Health sector: This sector has been contributing the most in the current times and is expected to grow further from hereon; we have witnessed a major contribution by startups who have very quickly adapted to the market requirement to deliver technology-based products and solutions. There lies a huge opportunity for growth in healthcare manufacturing and supply chain, apart from digital solutions. Applications of artificial intelligence, computer vision, IoT, and robotics-based startups have already started conceptualizing products and services. Bringing in innovation in the manufacturing of drugs, medical equipment, etc., as well as contribute to their research and development.
Food: Agri-tech startups need to accelerate the formalization and digitization of storage and warehousing, market access to farmers, Digi-visualization of sustainable agriculture best practices, digitalization of government scheme linkage, e-market of B2C and B2B platforms, cloud kitchen, e-retail, agri-equipment renting, Agri supply chain, forecasting using a drone, and many more. Food startups can use innovative technological solutions in the broad gamut of this sector i.e., food processing equipment and technology, packaging, food safety, and distribution.

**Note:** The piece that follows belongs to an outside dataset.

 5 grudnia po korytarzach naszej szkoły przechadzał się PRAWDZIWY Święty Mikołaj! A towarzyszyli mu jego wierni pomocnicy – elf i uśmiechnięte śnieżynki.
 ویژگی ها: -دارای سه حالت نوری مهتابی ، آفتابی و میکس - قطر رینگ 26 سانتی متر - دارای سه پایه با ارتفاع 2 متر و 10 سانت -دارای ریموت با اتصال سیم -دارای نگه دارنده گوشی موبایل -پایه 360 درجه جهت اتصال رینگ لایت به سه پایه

Green-tech: The care for the environment has increased during this pandemic period and it will continue to post the lockdown as people are becoming environmentally friendly and opt for eco-products. Startups can play an important role in bringing about innovative technological-based products and solutions in the recycling sector (plastic, MLPs, and paper), composting and scientific disposal of waste, clean and renewable energy, and many more.

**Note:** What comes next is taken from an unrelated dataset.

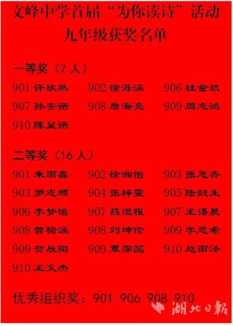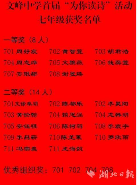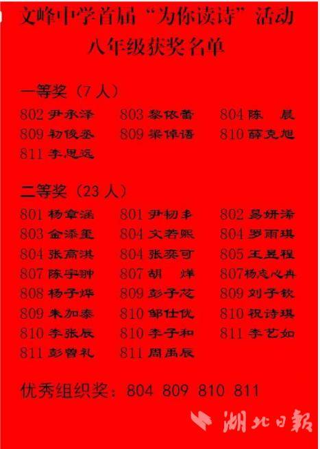 湖北日报讯(通讯员王光兴、刘霞、刘慧、高翔、聂峰林)近日,湖北省荆门市文峰中学首届“为你读诗”活动历经精彩角逐,圆满落下帷幕。此次活动面向全体学生开展,学子们踊跃参与,以诗为纽带,在文字与声音的碰撞中,尽情展现新时代少年的青春风采,也为全校学生搭建起表达自我、感受文字魅力的平台。

These are just some examples of the opportunities that have opened up. In the end, the post-COVID-19 scenario is an open challenge platform for existing and budding entrepreneurs to innovate, design, and implement technology-based business models to revolutionize the manufacturing sector in India and also make India the world’s local factory.
Here is a quote by Ratan Tata in conclusion, “In past difficult times, entrepreneurs have displayed farsightedness and creativity that could not have been believed to exist. These became the flagpoles of innovation and new technology today. I hope that the ability to find another way to build a product, run a company, run operations a better way, will emerge as an outcome of the current crisis. I won’t downplay the challenges and the difficulties embedded in these current times. But my confidence remains high in the inventive nature and the creativity of entrepreneurs today who will find ways to enable new or modified enterprises that would be the benchmarks of tomorrow. It can all start on a clean sheet of paper that looks at ways of doing things that were never thought of before. This crisis will force entrepreneurs to adapt and create.”